Dina Kagramanov (born 24 August 1986), is an Azerbaijan-born Canadian chess player who holds the FIDE title of Woman International Master (WIM, 2009). She won Canadian Women's Chess Championship twice.

Biography
In 2003, Dina Kagramanov won the Canadian Girl's Chess Championship in the U18 age group. In 2005, she won Toronto Women's Chess Championship. In 2009, Dina Kagramanov for the first time won the Canadian Women's Chess Championship. In 2010 Kagramanov participated in Women's World Chess Championship by knock-out system and in the first round lost to Nana Dzagnidze.

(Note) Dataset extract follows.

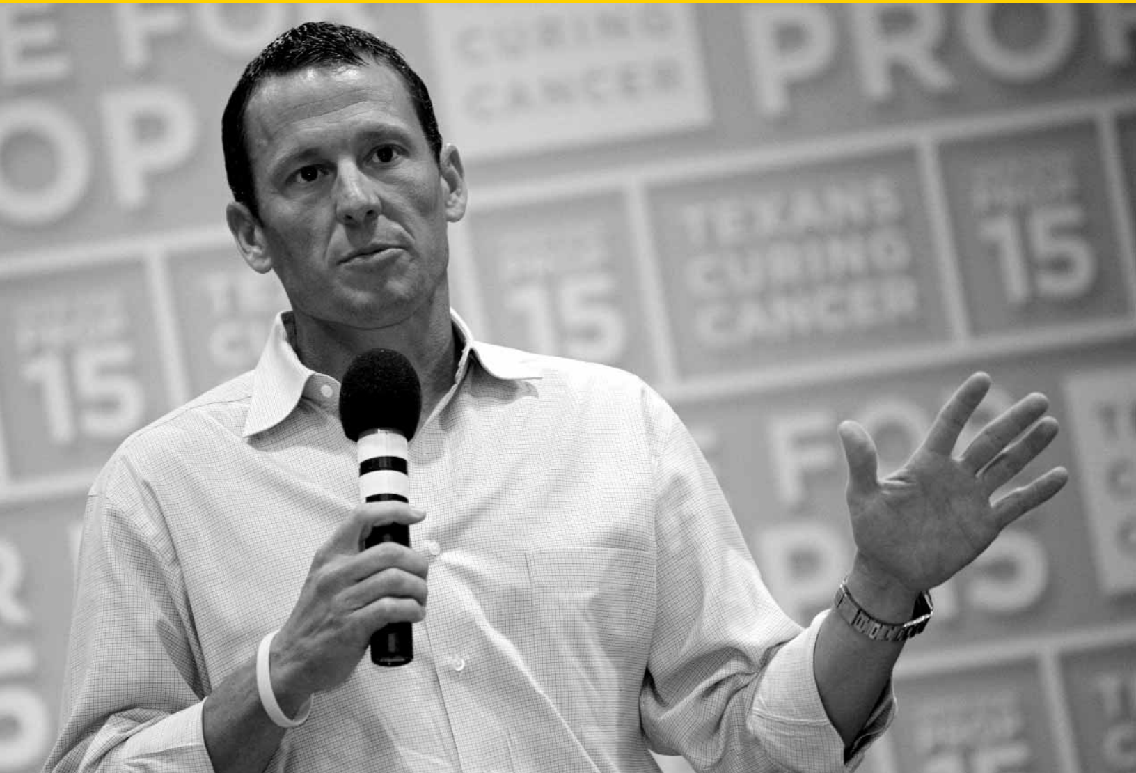
LANCE ARMSTRONG, CANCER SURVIVOR

She played for Canada in the Women's Chess Olympiads:
 In 2002, at second board in the 35th Chess Olympiad (women) in Bled (+6, =3, -3),
 In 2008, at third board in the 38th Chess Olympiad (women) in Dresden (+5, =1, -3),
 In 2010, at second board in the 39th Chess Olympiad (women) in Khanty-Mansiysk (+5, =1, -3).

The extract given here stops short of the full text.